The walks also tangibly demonstrate his urgent message that we do not all breathe the same air. Factors such as national borders and regulations, neighborhood zoning and wildfires can all determine what pollutants you inhale day to day. And we now know that soot or smoke — as well as PM 2.5, shorthand for atmospheric particulate matter of 2.5 micrometers or less in air pollution — has been directly linked to asthma and myriad other respiratory illnesses, heart attacks, strokes and cancer.

The closer Roy zooms into soot’s molecular makeup and behaviors, the more he sees its macro influence across the whole planet and human history. Such cross-disciplinary insights helped inspire “Entangled Air,” the exhibition he co-curated at Marquette’s Haggerty Museum of Art, with support from the National Science Foundation.

Roy’s work is generating awareness and questions about why the DNR’s air quality monitor at Sixteenth Street Community Health Center in Milwaukee measures the highest PM 2.5 concentrations in the state of Wisconsin. That fact surely has harsh and long-term consequences for those who live and work in the neighborhood.

On the micro level, back in the lab, the other thrust of Roy’s NSF-funded work is directed at the chemical makeup of soot. While experts know the compound is primarily made up of carbon atoms, it remains unclear how exactly these atoms organize and what even binds them together after a combustion event. “Every time you throw them together, they’re going to take a different shape. There’s a randomness associated with these chemical reactions,” Roy says, comparing soot to snowflakes.
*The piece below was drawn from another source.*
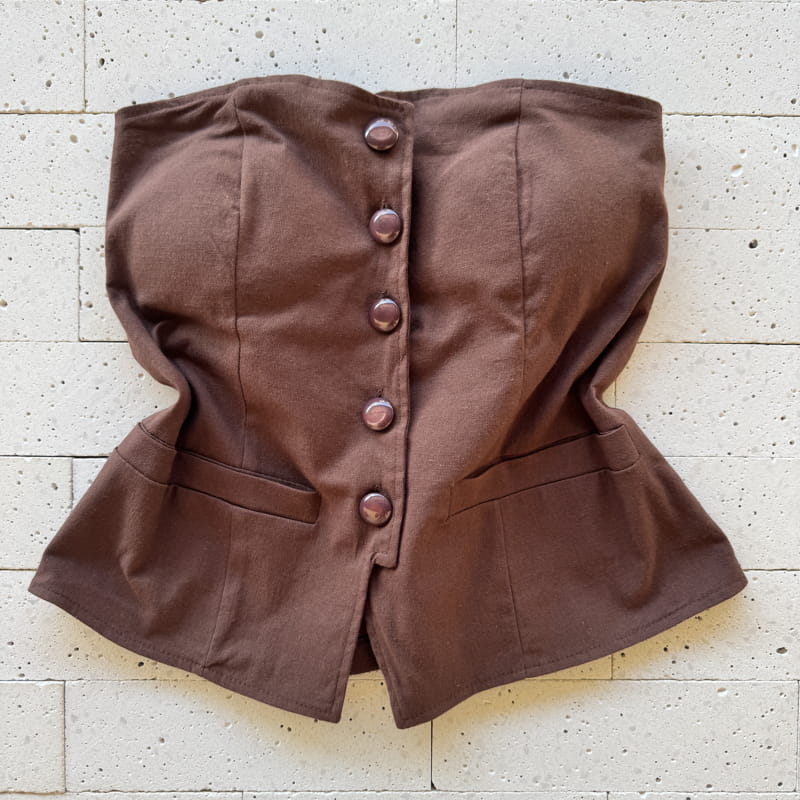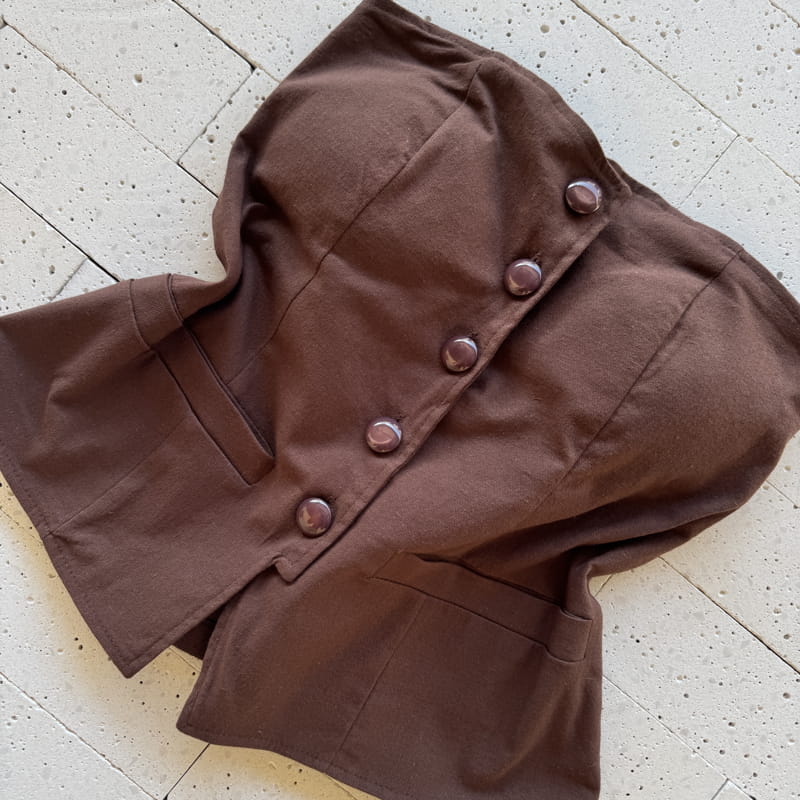 • Top tomara que caia estruturado, com cinco botões forrados frontais

Through atomistic modeling using Marquette’s high-powered computing cluster, he aims to map soot’s chemical origins and possibly identify some patterns. Do atomic soot components pack together around a central core, or do atom-thick sheets of carbon curve or wrap themselves into three-dimensional shapes? Do certain contaminants — hydrogen, oxygen or sulfur — aid or hinder the development of soot particles? Roy is working to find out. And with a complementary research prong, he’s creating large-scale engineering models of combustion systems to examine how soot accumulates and how it is emitted into our atmosphere. Addressing both matters, he says, will help develop and apply technology that could reduce soot emissions. “We could create combustion processes that produce less soot,” he says.
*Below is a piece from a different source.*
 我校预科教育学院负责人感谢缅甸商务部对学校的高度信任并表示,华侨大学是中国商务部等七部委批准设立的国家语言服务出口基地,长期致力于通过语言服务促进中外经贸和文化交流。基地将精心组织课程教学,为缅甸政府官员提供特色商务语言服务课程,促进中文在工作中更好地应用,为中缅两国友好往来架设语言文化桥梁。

At “Entangled Air,” the exhibition Roy co-created at the Haggerty Museum of Art , students from Notre Dame School of Milwaukee interact with a light beam in one of Tomás Saraceno’s artworks to envision the floating particles that are part of the air all around us. — Photo by Gabrielle Chun

In the meantime, he is certain that the unoptimized burning of fossil fuels is creating an excess of harmful soot, both visible and invisible in our lives. And he knows that addressing that problem demands a multitiered approach across disciplines within and beyond the halls of research. While it’s technical and academic, Roy’s vision is also personal — for everyone who breathes. “I think of it,” he says, “as getting to know my enemy intimately before I can defeat it.”